§ **Supplied data**
- - - - - - -

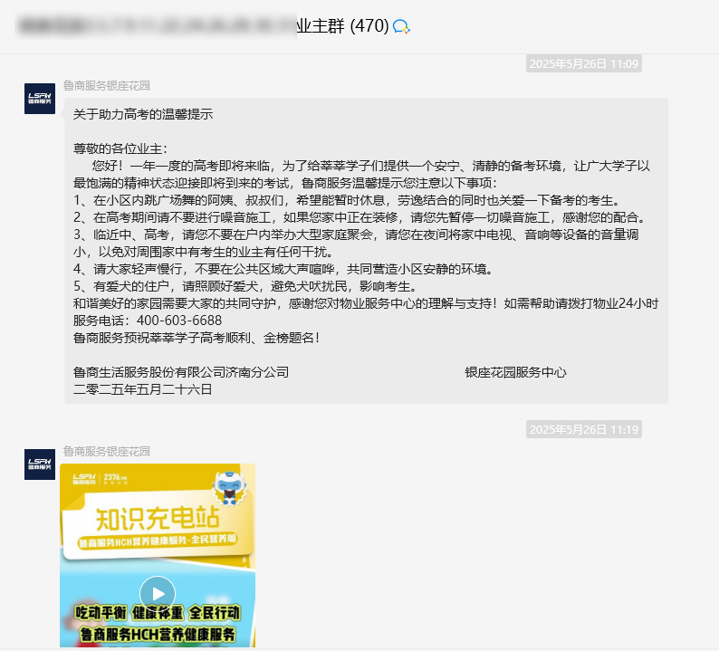 每一次轻声细语的提醒,每一条温暖人心的祝福,汇聚成的不仅是当下的静音环境,更是邻里守望相助、社区温情脉动的力量。此次多城联动的护考行动,是鲁商服务“用心守护美好生活”理念的生动实践。鲁商服务将持续完善应急响应机制,优化符合业主需求的特色服务,并探索建立覆盖更多生活场景的“温情守护”预案,持续构筑更具人文关怀的幸福家园。
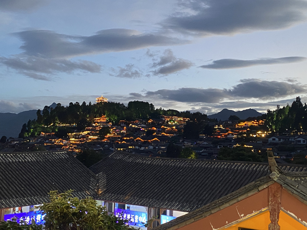 8点出酒店,导航先走去丽江之眼,丽江之眼可以看对面的狮子山和我们下午刚去过的文昌宫,夜幕低垂,已是灯火璀璨。
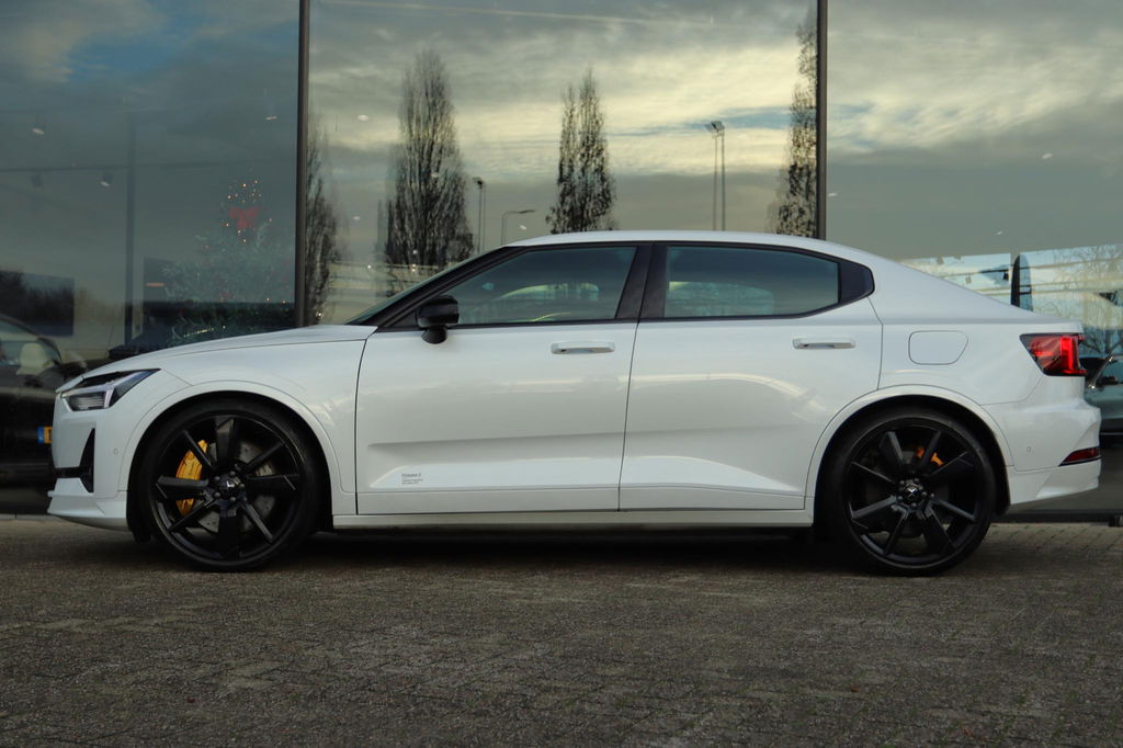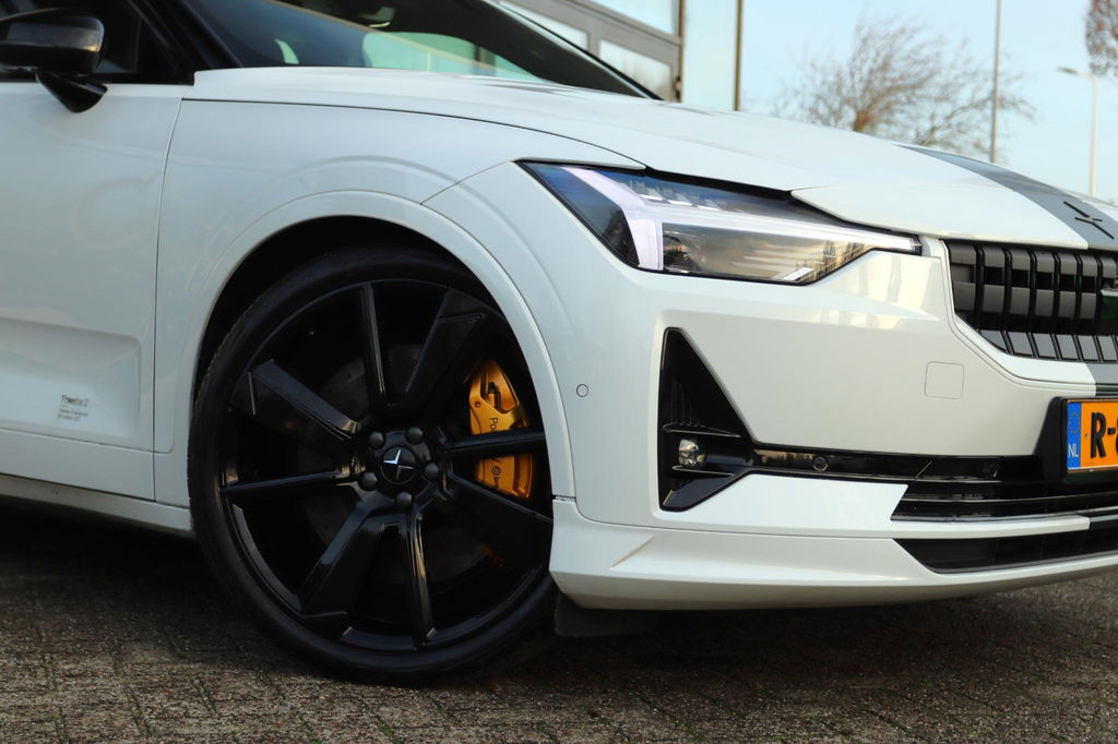 Origineel Nederlands geleverde Polestar 2 BST (BEAST) Edition, 1 van de 270 wereldwijd! Te herkennen aan het Performance Pack met de: Zwarte racing stripe, gele Brembo remklauwen met 21'' Gloss black velgen, 25mm verlaagd door de instelbare Öhlins dempers speciale MicroSuede bekleding, en komen standaard met het Pilot- en/of Plus-pakket, waardoor ze een nog intensere, circuit-waardige rijervaring bieden met behoud van luxe en technologie. Long Range Dual Motor met gemiddeld genomen 470km actieradius.

- - - - - - -

§ **Task brief**
Write out the data word for word. Any picture is to be skipped.

§ **Answer section**
 每一次轻声细语的提醒,每一条温暖人心的祝福,汇聚成的不仅是当下的静音环境,更是邻里守望相助、社区温情脉动的力量。此次多城联动的护考行动,是鲁商服务“用心守护美好生活”理念的生动实践。鲁商服务将持续完善应急响应机制,优化符合业主需求的特色服务,并探索建立覆盖更多生活场景的“温情守护”预案,持续构筑更具人文关怀的幸福家园。
 8点出酒店,导航先走去丽江之眼,丽江之眼可以看对面的狮子山和我们下午刚去过的文昌宫,夜幕低垂,已是灯火璀璨。
 Origineel Nederlands geleverde Polestar 2 BST (BEAST) Edition, 1 van de 270 wereldwijd! Te herkennen aan het Performance Pack met de: Zwarte racing stripe, gele Brembo remklauwen met 21'' Gloss black velgen, 25mm verlaagd door de instelbare Öhlins dempers speciale MicroSuede bekleding, en komen standaard met het Pilot- en/of Plus-pakket, waardoor ze een nog intensere, circuit-waardige rijervaring bieden met behoud van luxe en technologie. Long Range Dual Motor met gemiddeld genomen 470km actieradius.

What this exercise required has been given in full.